LET THE BULLETS FLY Blu-ray Review

LET THE BULLETS FLY Blu-ray Review. Notre critique de Let the Bullets Fly sur Blu-ray, écrite et réalisée par Jiang Wen et avec Chow Yun-Fat.

Vous ne verrez pas beaucoup de films chinois aussi irrévérencieux, espiègles ou iconoclastes que Laissez les balles voler . La nation est mieux connue pour ses œuvres de gravité et de dignité: célébrer sa riche histoire ou explorer les aspects graves de la condition humaine. Balles est plus Hong Kong que Pékin, avec Stephen Chow sa parenté spirituelle évidente. La distinction n’en fait pas nécessairement un excellent film, même si cela l’aide certainement à se démarquer de la foule. Frappez le saut pour l'examen complet.

Cela commence par une opportunité audacieuse qui se transforme en une farce sanglante. Au cours des années 1920 déchirées par la guerre, un bandit rusé ( Jiang Wen , qui sert également d'écrivain et de réalisateur) tend une embuscade à un train transportant le nouveau gouverneur de Goose Town à son poste. L’assistant du gouverneur meurt dans l’attaque et le gouverneur se fait passer pour l’homme afin d’éviter d’être tué. Le bandit a l’idée de prendre la place du gouverneur, un endroit pépère qui lui permet de collecter de l’argent par greffe plutôt que de tirer sur les gens au visage. Malheureusement, Goose Town a un élément criminel qui lui est propre, dirigé par Maître Huang ( Chow Yun-Fat ) qui n'a pas l'intention de laisser un intrus klaxonner sur son action. Le chaos loufoque proverbial s'ensuit.



Wen permet à son sentiment de malice de se déchaîner, bien qu'il conserve juste assez de sérieux pour empêcher la procédure de tomber dans une sottise complète. Les différents combattants sont tous intelligents et capables, ce qui n’empêche pas leurs projets byzantins de devenir incontrôlables à maintes reprises. Il forme un cadre agréable pour un cocktail étonnamment occidental de fusillades et d'explosions. Fondés sur une ferme motivation de caractère, les décors deviennent plus qu'un simple bruit aléatoire, et bien que Wen manque de la pure inventivité de Chow ou Jackie Chan , il met clairement beaucoup de réflexion dans chaque arme flamboyante et boom tonitruant.

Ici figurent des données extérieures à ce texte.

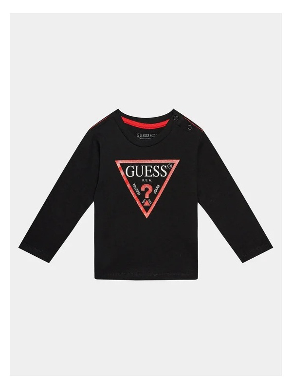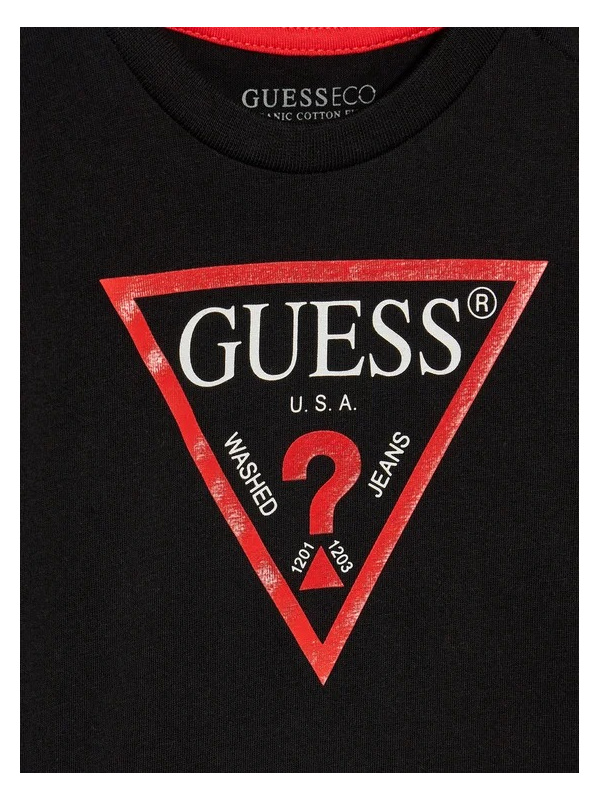 Pamučna crna Guess majica dugih rukava s logo printom za dječake

Cette histoire tombe au niveau d'un gâchis agréable plus qu'elle ne le devrait: agréable et engageante, mais souvent compliquée pour elle-même. Il gagne ses éperons dans ses méfaits effrontés. Laissez les balles voler pose les fonctionnaires comme indiciblement corrompus, les hommes comme fondamentalement égoïstes et trompeurs, et l'intelligence appliquée dans la poursuite d'objectifs individuels plutôt que pour le bien de l'ensemble. En quelques mots, c'est à peu près exactement le contraire de ce que vous attendez d'une production chinoise. Films notables comme héros et Falaise rouge louez les personnages qui font des sacrifices pour le plus grand bien Laissez les balles voler tourne joyeusement cela à son oreille, formant un contrepoint pointu et souvent drôle à la Pravta établie des films chinois récents du continent.

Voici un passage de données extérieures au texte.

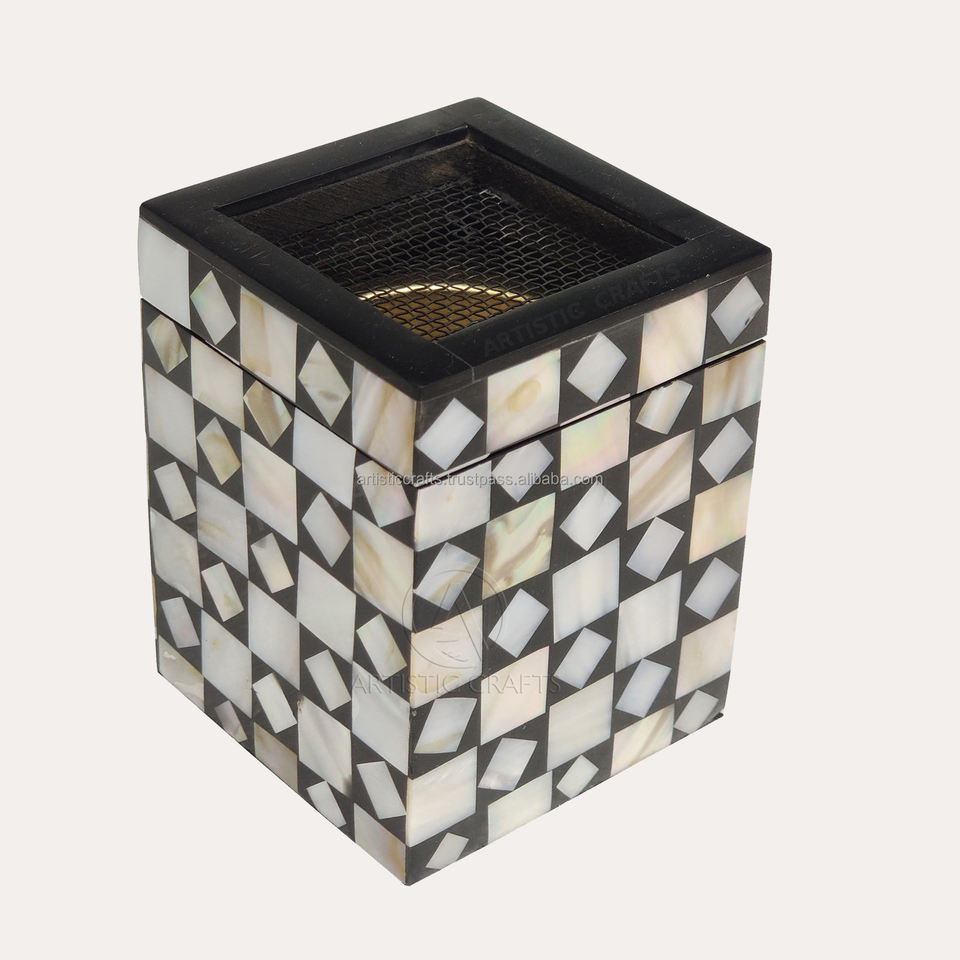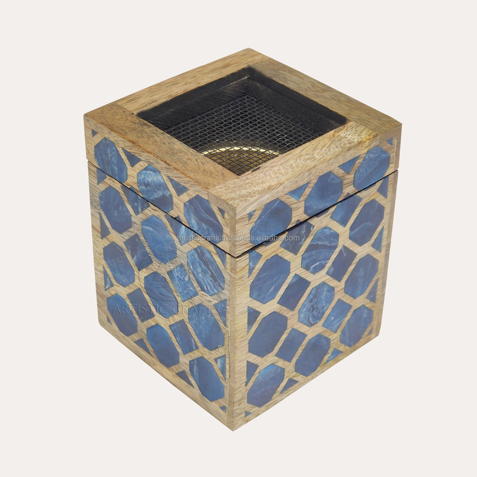 Design géométrique Bakhoor Brûleur fait à la main en résine de nacre Porte-encens en bois de charbon de bois Matériel pour maisons religieuses Utilisation Ramadan

Cela confère à son puckishness une certaine distinction, mais aussi une voix proéminente qui manquait à son pays d'origine. Laissez les balles voler a battu un certain nombre de records au box-office en Chine et se trouve actuellement juste derrière Avatar sur la liste de tous les temps pour ce pays. Cela suggère un message que son public souhaitait vivement entendre. Son forfait désordonné mais divertissant contient beaucoup de moments qui plairont à la foule, et les fans de mash-ups Est / Ouest à la Kurosawa devraient trouver de quoi sourire ici. Personne ne le prendra pour un chef-d'œuvre, mais pour le moment, il suffit d'être un peu différent et de s'amuser avec ses différences. Wen est passé d'acteur à auteur au cours des dernières années; Mis à part les défauts, son travail ici nous donne des raisons d’attendre avec impatience tout ce qu’il pourrait avoir à l’esprit.

Le Blu-ray est assez simple, avec seulement les bandes-annonces, une featurette de making-of et une interview avec les scénaristes ainsi que la copie de DVD désormais standard. La qualité du son et de l’image est cependant magnifique et rend pleinement justice à l’œil créatif de Wen.